Jonathan Kpoku
- Born: 22 June 1999 (age 26)
- Height: 2.02 m (6 ft 8 in)
- Weight: 103 kg (16 st 3 lb; 227 lb)
- Notable relative(s): Joel Kpoku Junior Kpoku

Rugby union career
- Position: Lock
- Current team: CS Bourgoin-Jallieu

Senior career
- Years: Team / Apps / (Points)
- 2018-2021: Saracens
- 2018-2020: → Apmthill (loan)
- 2021-2022: Coventry RFC
- 2022-: CS Bourgoin-Jallieu
- Correct as of 16 March 2024

= Jonathan Kpoku =

English rugby union player (born 2004)

Jonathan Kpoku (born 22 June 1999) is an English rugby union player who plays as a lock forward for CS Bourgoin-Jallieu.

==Career==
Kpoku initially played Rugby League for the London Skolars prior to joining the Saracens academy, where he played alongside his twin brother Joel Kpoku. He made his senior debut for Saracens during the 2018–19 season in the Premiership Rugby Cup against Worcester Warriors.

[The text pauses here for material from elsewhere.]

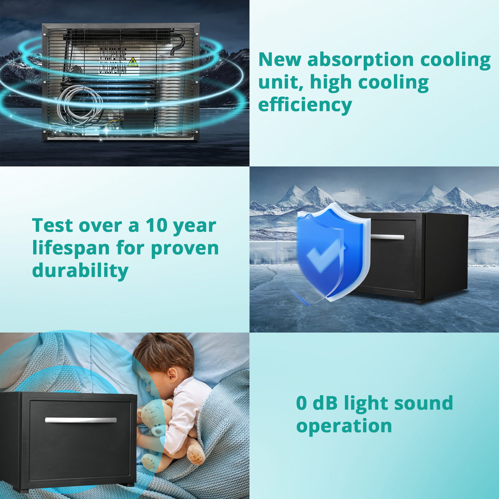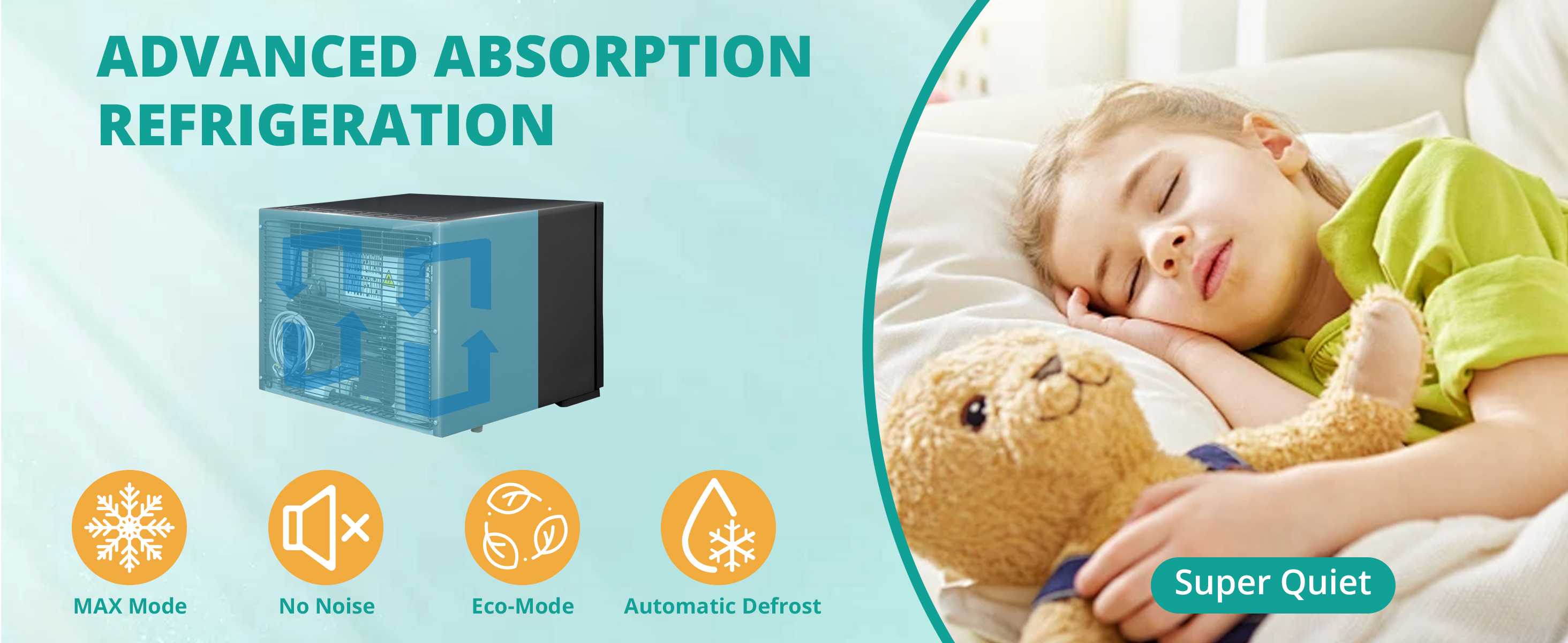 No Freon, no pollution, low energy consumption, environmentally friendly, no noise for bedrooms.
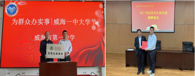 此次活动,我校代表教师与威海市第一中学、威海市第二中学、威海市实验高级中学的校方代表积极交流,反馈了近三年来该校毕业生在济宁学院的录取情况,并代表我校同这三所学校签订了济宁学院优质生源基地合作协议。

He left Saracens to play on loan for Ampthill for whom he helped gain promotion to the Rugby Championship in 2019, before returning to them on loan the following season. He later signed permanently for Coventry RFC.

He signed for CS Bourgoin-Jallieu in June 2022.

==International career==
He played for the England national under-20 rugby union team in the 2019 Six Nations Under 20s Championship.

==Personal life==
His parents are from the Democratic Republic of Congo. He is the older brother of rugby player Junior Kpoku and twin brother of rugby player Joel Kpoku.